Before returning the data, strip out the pictures and keep everything else exactly the same.

....................

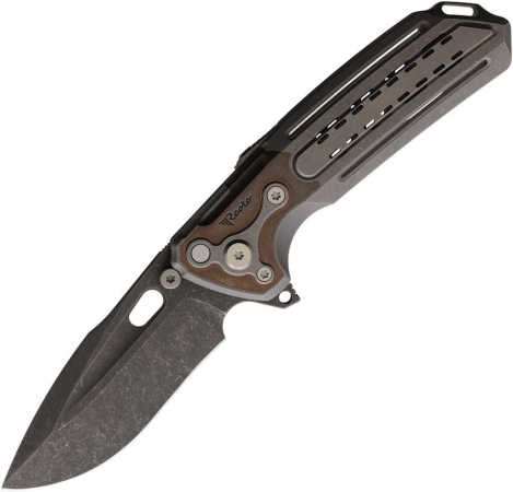 5.25" (13.34cm) closed. 4" (10.16cm) acid washed finish MagnaCut steel blade. Dark stonewash finish titanium handle with copper inlay. Extended tang. Pocket clip. Thumb stud. Serialized. Boxed.
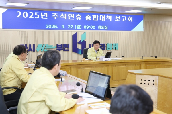 [금요저널] 부천시는 지난 22일 시청 창의실에서 조용익 시장을 주재로 부시장을 비롯한 국장과 부서장이 참석한 가운데 ‘2025년 추석 연휴 종합대책 보고회’를 열었다.
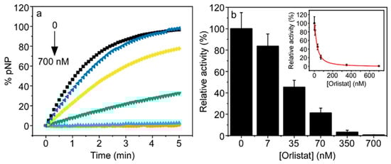 Effect of increasing concentrations of orlistat: 0 (black), 7 (navy), 35 (yellow), 70 (green) 350 (blue) and 700 (orange) nM, on the activity of TMAC_PPL@EG expressed as percentage of pNP formation after addition of pNPP (60 μM) (a). Relative activities of TMAC_PPL@EG derived from the linear slopes of the activity curves (b) and inset. Error bars represent the standard deviation of three replicates.
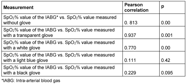 Pearson’s correlation was used to test the relationship between the mean SpO2% value of the IABG measurements and the mean SpO2% values obtained from gloveless fingers or with gloves of different colors. There was a positive significant correlation between the mean SpO2% value of the IABG measurements and the mean SpO2% values obtained from fingers without a glove (r=0.813, p=0.00). There was a positive significant correlation between the mean SpO2% value of the IABG measurements and the mean SpO2% values obtained from fingers with a transparent glove (r=0.937, p=0.001). There was a positive significant correlation between the mean SpO2% value of the IABG measurements and the mean SpO2% values obtained from fingers with a white glove (r=0.770, p=0.00). There was no correlation between the mean SpO2% value of the IABG measurements and the mean SpO2% values obtained from fingers wearing a light blue glove (r=0.111, p=0.42). No correlation was found between the mean SpO2% value of the IABG measurements and the mean SpO2% values obtained from fingers wearing a black glove (r=0.229, p=0.095) (Table 4 [Tab. 4]).
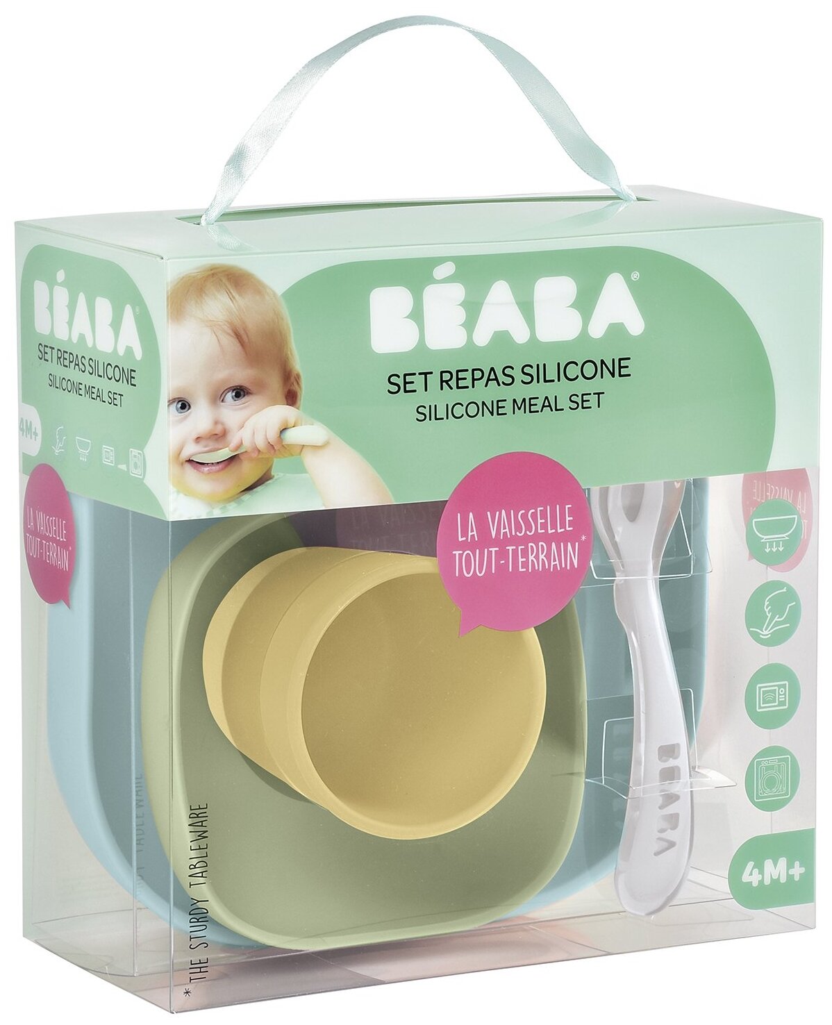 Набор силиконовой детской посуды BEABA: секционная тарелка на присоске, силиконовая кружка с ручками, ложка детская для кормления и прикорма
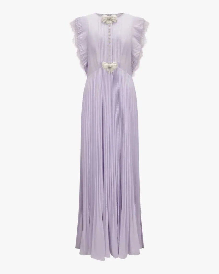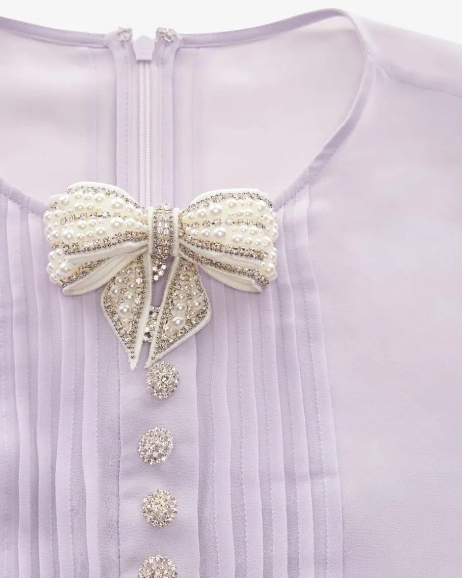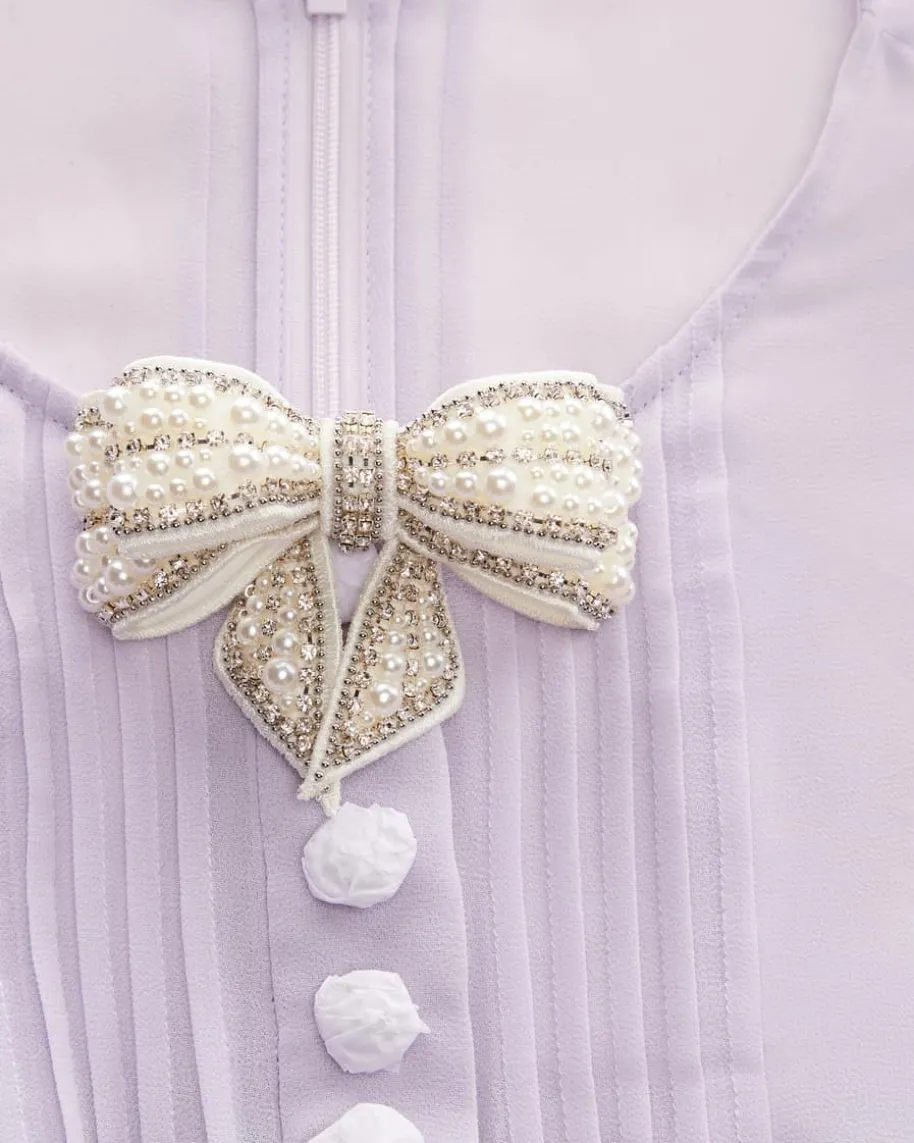 Kleid für Damen von Self-Portrait in Flieder. Das Modell präsentiert sich inzarter Plissée-Aufmachung, die durch die Spitzen-Details romantisch abgerundetwird. Die glitzernden Schmuckstein-Applikationen verleihen dem Look zudem eineneleganten Charakter, während die markanten Schleifen extravagante Akzentesetzen.
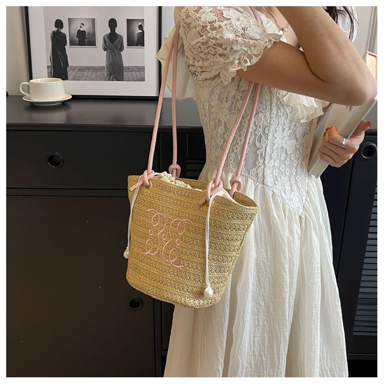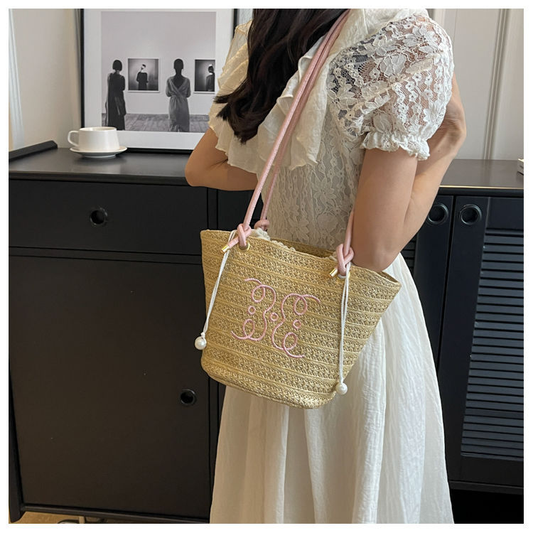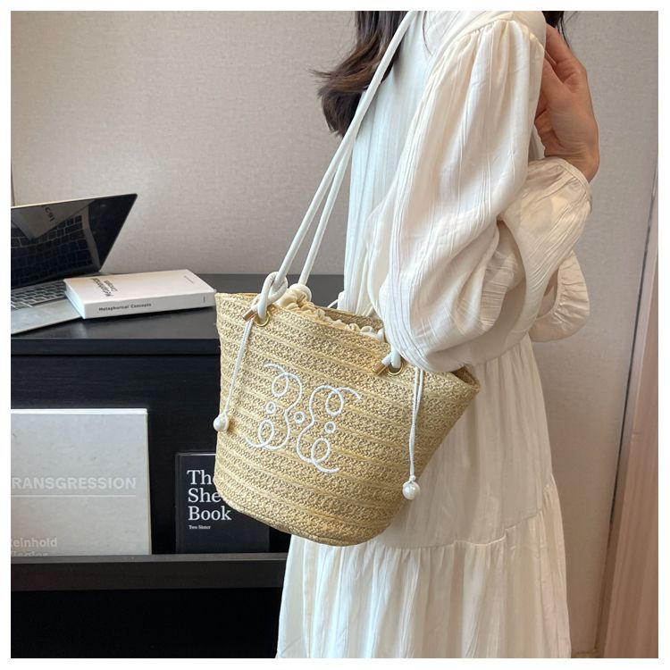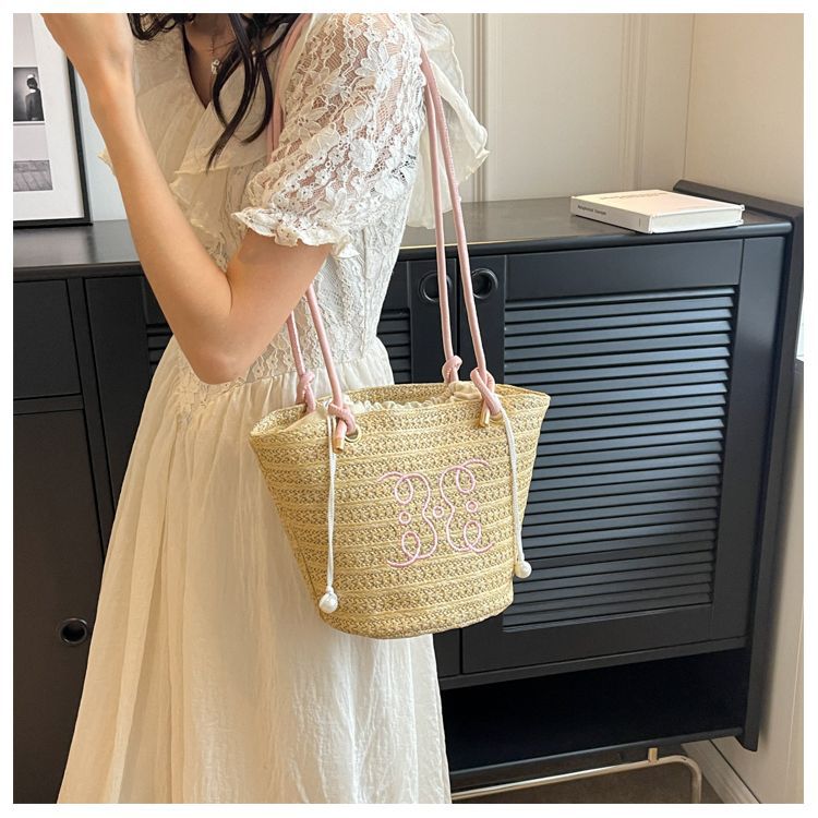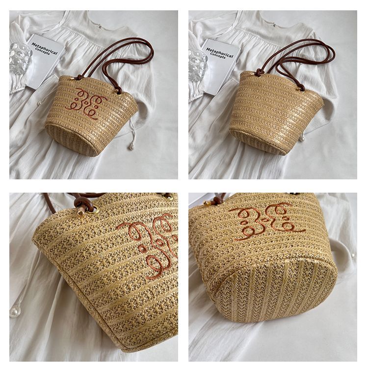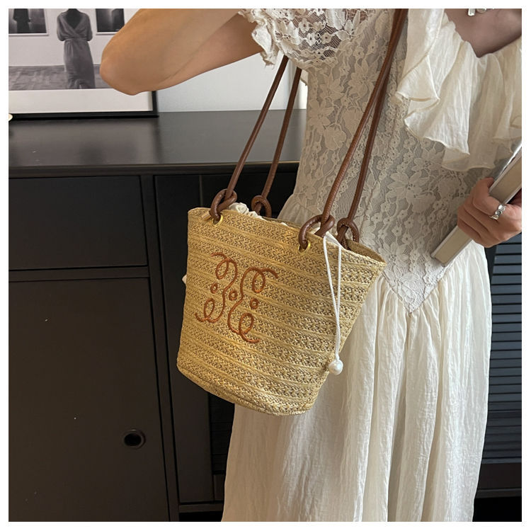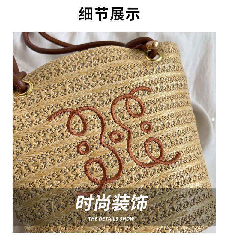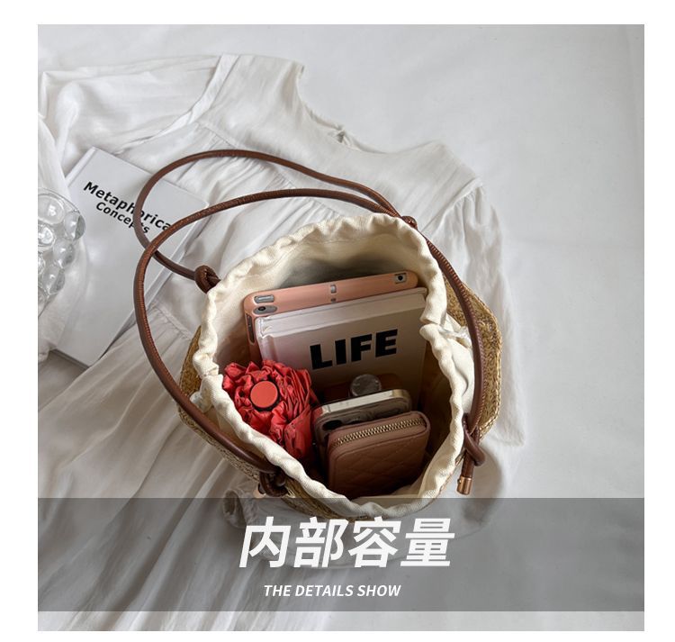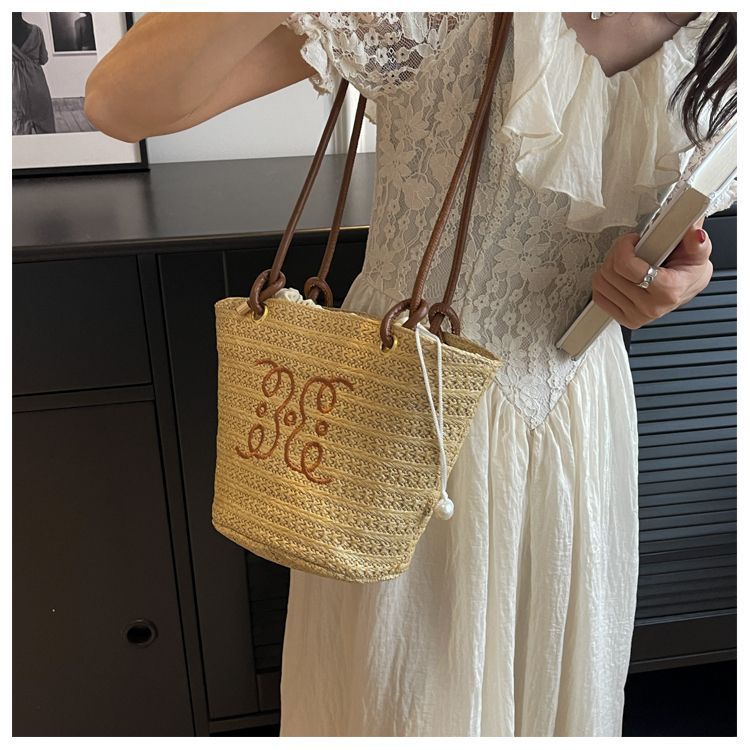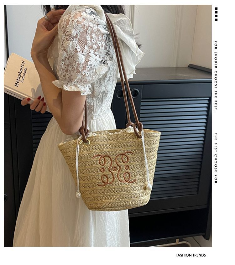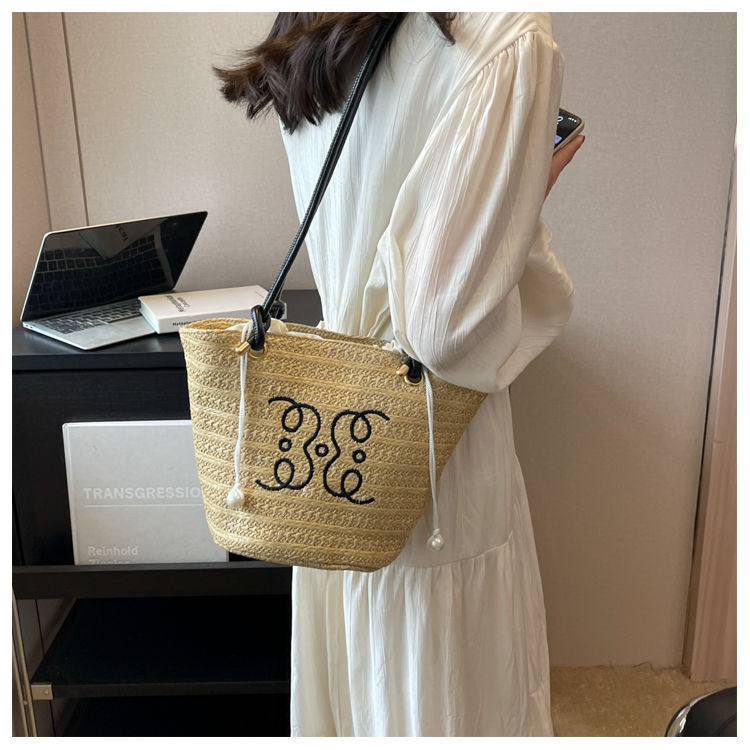 여성용 숲 스타일 밀짚 가방 2025 새로운 유행 패션 질감 틈새 겨드랑이 가방 짠 가방 복고풍 토트 백스토어 가기
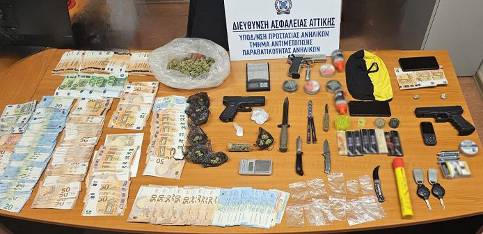 Κατασχέθηκαν -183,37- γραμμ. ακατέργαστης κάνναβης, -2- αεροβόλα πιστόλια, ξιφολόγχη, -5- μαχαίρια, ναυτική φωτοβολίδα και -12.667- ευρώ

....................

## Task response
 5.25" (13.34cm) closed. 4" (10.16cm) acid washed finish MagnaCut steel blade. Dark stonewash finish titanium handle with copper inlay. Extended tang. Pocket clip. Thumb stud. Serialized. Boxed.
 [금요저널] 부천시는 지난 22일 시청 창의실에서 조용익 시장을 주재로 부시장을 비롯한 국장과 부서장이 참석한 가운데 ‘2025년 추석 연휴 종합대책 보고회’를 열었다.
 Effect of increasing concentrations of orlistat: 0 (black), 7 (navy), 35 (yellow), 70 (green) 350 (blue) and 700 (orange) nM, on the activity of TMAC_PPL@EG expressed as percentage of pNP formation after addition of pNPP (60 μM) (a). Relative activities of TMAC_PPL@EG derived from the linear slopes of the activity curves (b) and inset. Error bars represent the standard deviation of three replicates.
 Pearson’s correlation was used to test the relationship between the mean SpO2% value of the IABG measurements and the mean SpO2% values obtained from gloveless fingers or with gloves of different colors. There was a positive significant correlation between the mean SpO2% value of the IABG measurements and the mean SpO2% values obtained from fingers without a glove (r=0.813, p=0.00). There was a positive significant correlation between the mean SpO2% value of the IABG measurements and the mean SpO2% values obtained from fingers with a transparent glove (r=0.937, p=0.001). There was a positive significant correlation between the mean SpO2% value of the IABG measurements and the mean SpO2% values obtained from fingers with a white glove (r=0.770, p=0.00). There was no correlation between the mean SpO2% value of the IABG measurements and the mean SpO2% values obtained from fingers wearing a light blue glove (r=0.111, p=0.42). No correlation was found between the mean SpO2% value of the IABG measurements and the mean SpO2% values obtained from fingers wearing a black glove (r=0.229, p=0.095) (Table 4 [Tab. 4]).
 Набор силиконовой детской посуды BEABA: секционная тарелка на присоске, силиконовая кружка с ручками, ложка детская для кормления и прикорма
 Kleid für Damen von Self-Portrait in Flieder. Das Modell präsentiert sich inzarter Plissée-Aufmachung, die durch die Spitzen-Details romantisch abgerundetwird. Die glitzernden Schmuckstein-Applikationen verleihen dem Look zudem eineneleganten Charakter, während die markanten Schleifen extravagante Akzentesetzen.
 여성용 숲 스타일 밀짚 가방 2025 새로운 유행 패션 질감 틈새 겨드랑이 가방 짠 가방 복고풍 토트 백스토어 가기
 Κατασχέθηκαν -183,37- γραμμ. ακατέργαστης κάνναβης, -2- αεροβόλα πιστόλια, ξιφολόγχη, -5- μαχαίρια, ναυτική φωτοβολίδα και -12.667- ευρώ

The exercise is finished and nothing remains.